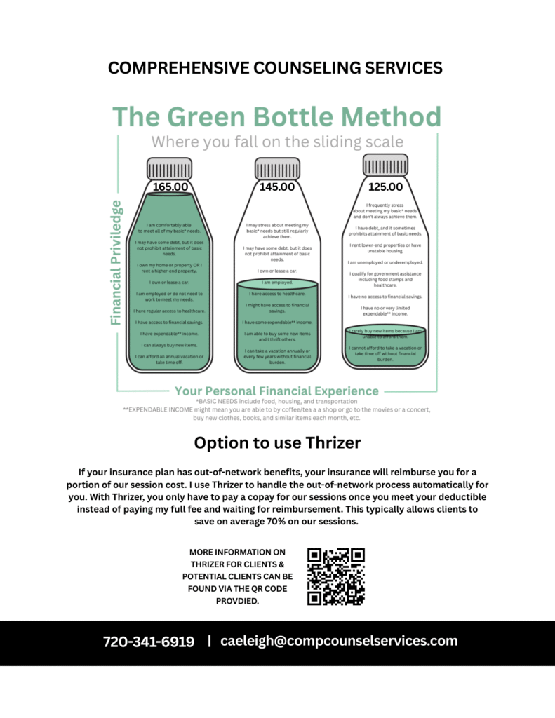 Sliding Scale: We offer a sliding scale to all self-pay individual counseling clients. Please see the flyer below for more information.
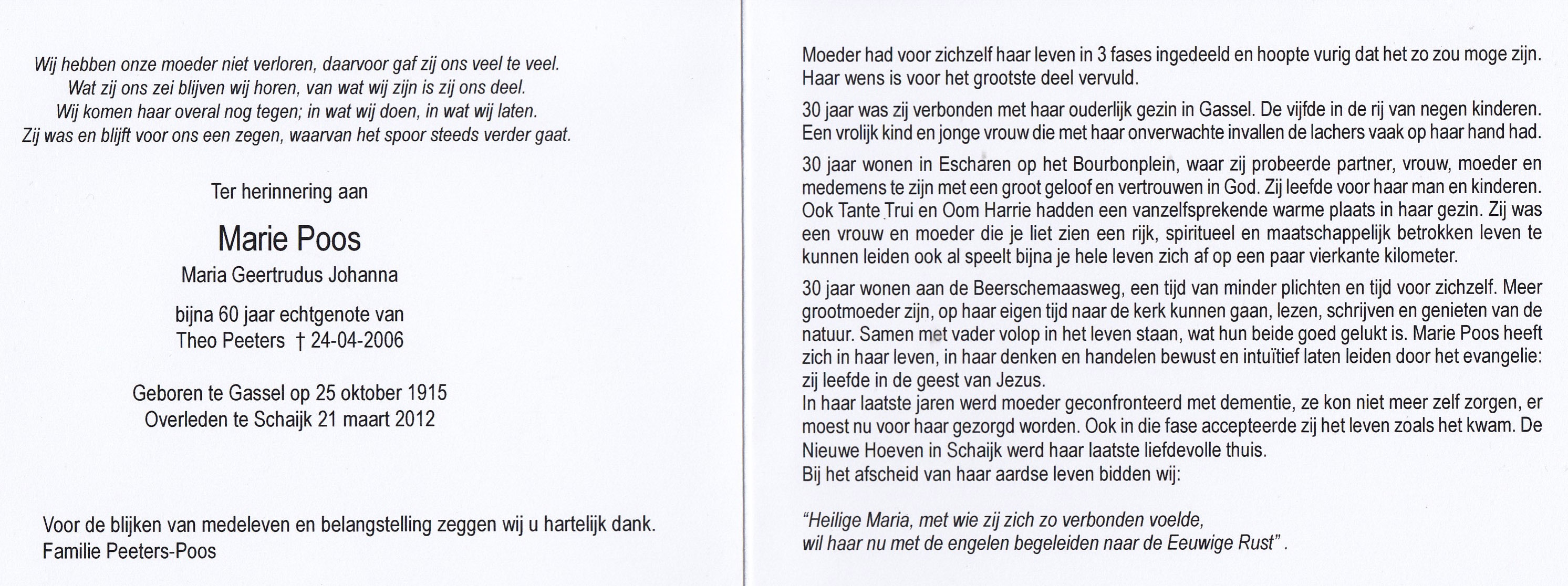 25-10-1915 21-3-2012 Poos, Maria Geertrudus Johanna Doopnamen: Maria Geertrudus Johanna Achternaam: Poos Geboren: 25-10-1915, Gassel Overleden: 21-3-2012, Schaijk Leeftijd: 96 Begrafenis/crematie te: Escharen Partner van: Theo Peeters Archiefnummer: 11-22-3 Terug
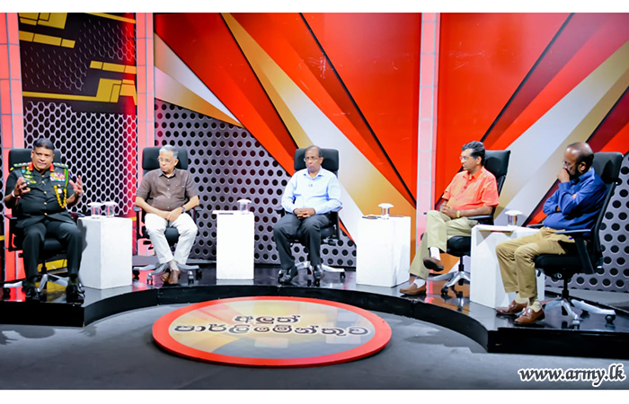 A panel of resource personnel, including General Shavendra Silva, Head of the National Operations Centre for Prevention of COVID 19 Outbreak (NOCPCO), Chief of Defence Staff and Commander of the Army, Dr: Asela Gunawardane, Director General of Health Services, Dr Sudath Samaraweera, Chief Epidemiologist, Dr. Ananda Wijewickrama and Prof. Athula Sumathipala contributed to the 'Derana' TV feature, ‘Aluth Parlimenthuwa’ this evening (31).
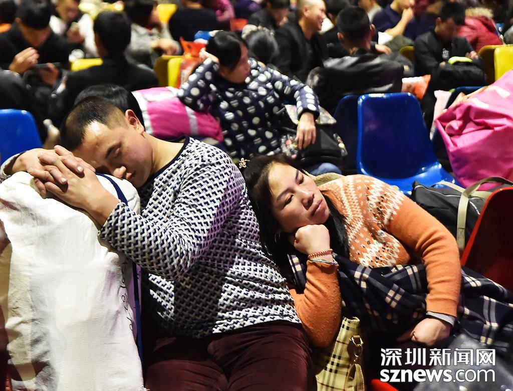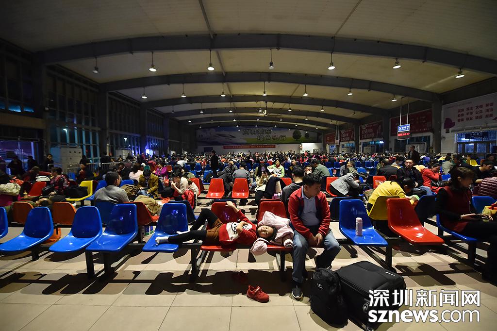 深圳西站候車廳幾乎坐滿乘客,據(jù)統(tǒng)計(jì)有近2400多人乘坐該班次列車
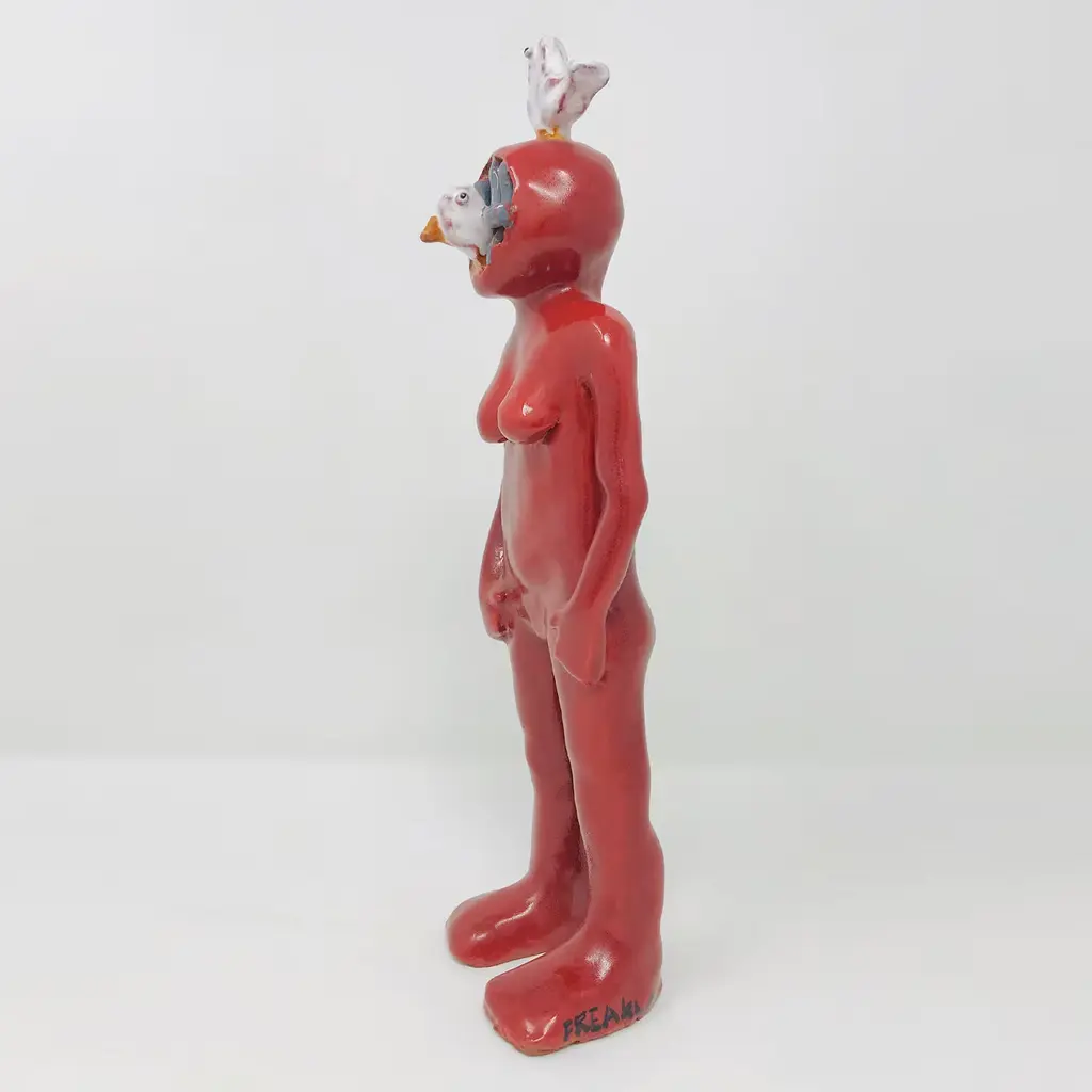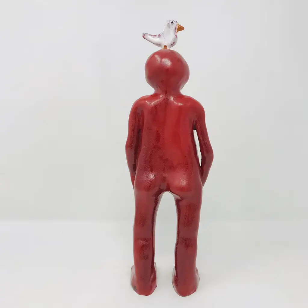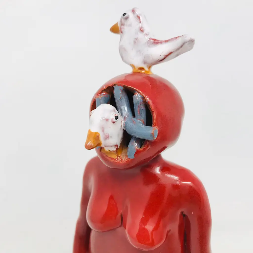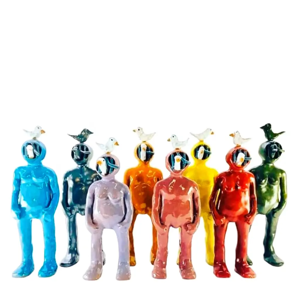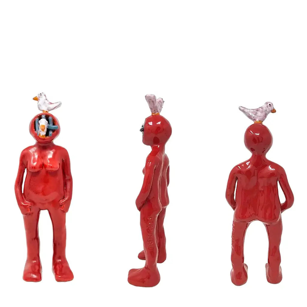 This visionary majolica sculpture from the Big Humans Collection flaunts the anthropomorphic design of a deep-sea diver with seagulls, one perched onto their head and the other peeking out from under the mask. Carefully hand-molded, finished, and hollowed out to avoid breaking in the kiln, the piece is first fired at 960°C, consequently glazed, and fired for a final time at 930°C. Slight differences from the pictured item are proof of its artisan quality. Please consult the Concierge for customization options.
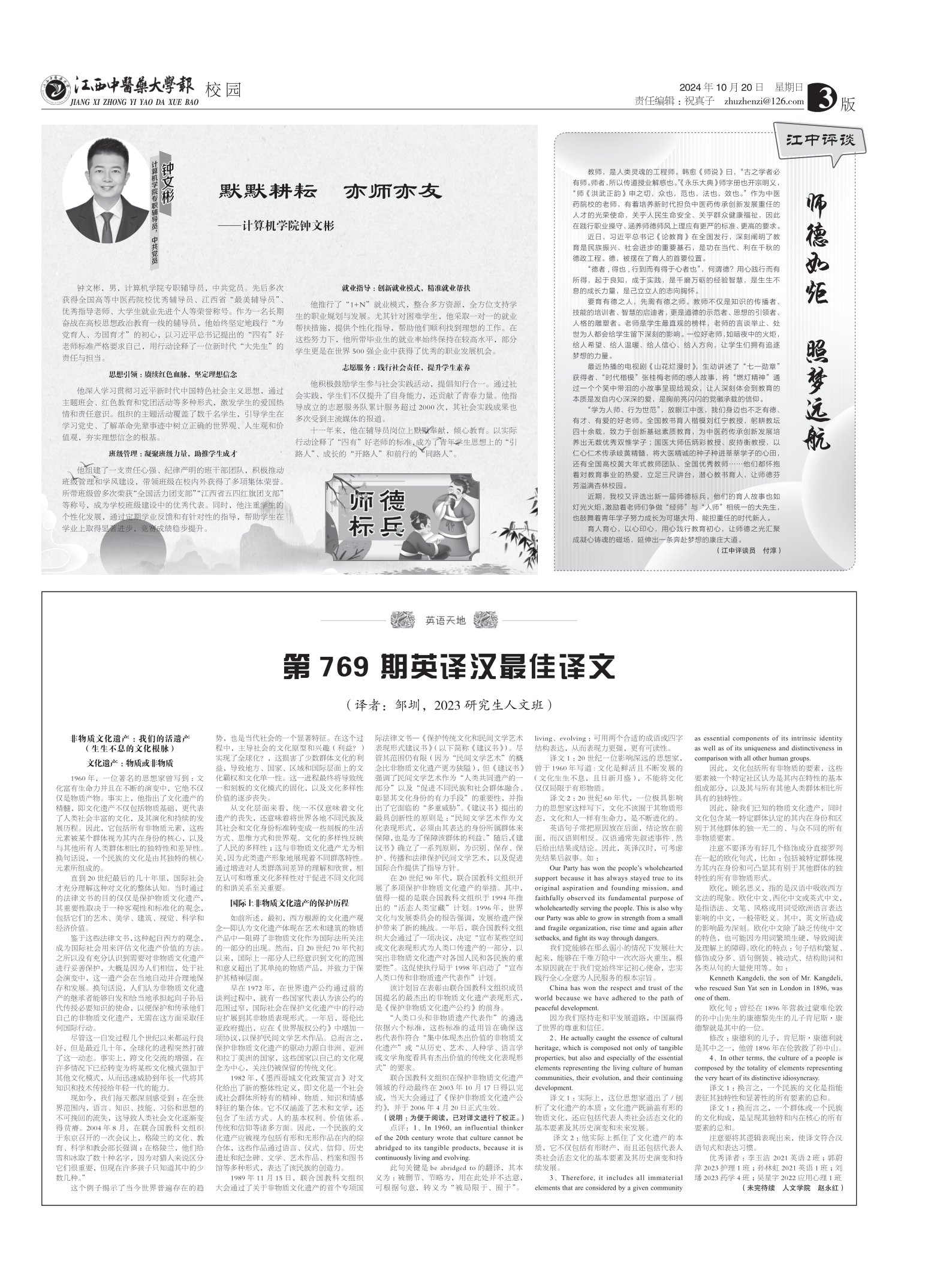 “学为人师、行为世范”,放眼江中医,我们身边也不乏有德、有才、有爱的好老师。全国教书育人楷模刘红宁教授,躬耕教坛四十余载,致力于创新基础素质教育,为中医药传承创新发展培养出无数优秀双惟学子 ;国医大师伍炳彩教授、皮持衡教授,以仁心仁术传承岐黄精髓,将大医精诚的种子种进莘莘学子的心田,还有全国高校黄大年式教师团队、全国优秀教师……他们都怀抱着对教育事业的热爱,立足三尺讲台,潜心教书育人,让师德芬芳溢满杏林校园。
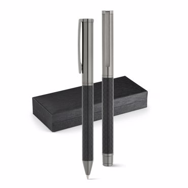 Set stylo roller et stylo à bille. Métal et fibre de carbone. Roller avec écriture noire et stylo encre bleue. Livré dans coffret cadeau rembourré. ø10 x 135 mm | Coffret: 185 x 75 x 31 mm
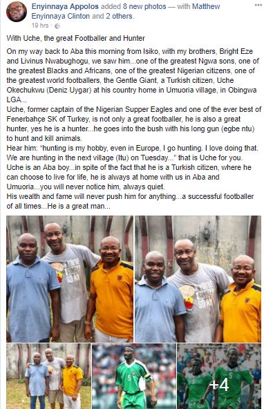Uche, former captain of the Nigerian Supper Eagles and one of the ever best of Fenerbahçe SK if Turkey, is not only a great footballer, he is also a great hunter, yes he is a hunter…he goes into the bush with his long gun (egbe ntu) to hunt and kill animals.
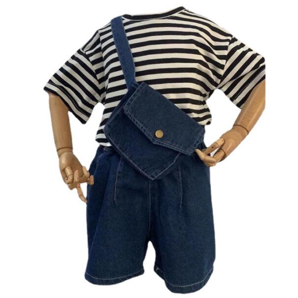 ウエストポーチとしても使えるボディバッグもセット ボーダー柄TシャツとデニムハーフパンツSET

--*--

Could you retype all the entries above exactly, without the pictures?

• Result of this exercise
 Sliding Scale: We offer a sliding scale to all self-pay individual counseling clients. Please see the flyer below for more information.
 25-10-1915 21-3-2012 Poos, Maria Geertrudus Johanna Doopnamen: Maria Geertrudus Johanna Achternaam: Poos Geboren: 25-10-1915, Gassel Overleden: 21-3-2012, Schaijk Leeftijd: 96 Begrafenis/crematie te: Escharen Partner van: Theo Peeters Archiefnummer: 11-22-3 Terug
 A panel of resource personnel, including General Shavendra Silva, Head of the National Operations Centre for Prevention of COVID 19 Outbreak (NOCPCO), Chief of Defence Staff and Commander of the Army, Dr: Asela Gunawardane, Director General of Health Services, Dr Sudath Samaraweera, Chief Epidemiologist, Dr. Ananda Wijewickrama and Prof. Athula Sumathipala contributed to the 'Derana' TV feature, ‘Aluth Parlimenthuwa’ this evening (31).
 深圳西站候車廳幾乎坐滿乘客,據(jù)統(tǒng)計(jì)有近2400多人乘坐該班次列車
 This visionary majolica sculpture from the Big Humans Collection flaunts the anthropomorphic design of a deep-sea diver with seagulls, one perched onto their head and the other peeking out from under the mask. Carefully hand-molded, finished, and hollowed out to avoid breaking in the kiln, the piece is first fired at 960°C, consequently glazed, and fired for a final time at 930°C. Slight differences from the pictured item are proof of its artisan quality. Please consult the Concierge for customization options.
 “学为人师、行为世范”,放眼江中医,我们身边也不乏有德、有才、有爱的好老师。全国教书育人楷模刘红宁教授,躬耕教坛四十余载,致力于创新基础素质教育,为中医药传承创新发展培养出无数优秀双惟学子 ;国医大师伍炳彩教授、皮持衡教授,以仁心仁术传承岐黄精髓,将大医精诚的种子种进莘莘学子的心田,还有全国高校黄大年式教师团队、全国优秀教师……他们都怀抱着对教育事业的热爱,立足三尺讲台,潜心教书育人,让师德芬芳溢满杏林校园。
 Set stylo roller et stylo à bille. Métal et fibre de carbone. Roller avec écriture noire et stylo encre bleue. Livré dans coffret cadeau rembourré. ø10 x 135 mm | Coffret: 185 x 75 x 31 mm
Uche, former captain of the Nigerian Supper Eagles and one of the ever best of Fenerbahçe SK if Turkey, is not only a great footballer, he is also a great hunter, yes he is a hunter…he goes into the bush with his long gun (egbe ntu) to hunt and kill animals.
 ウエストポーチとしても使えるボディバッグもセット ボーダー柄TシャツとデニムハーフパンツSET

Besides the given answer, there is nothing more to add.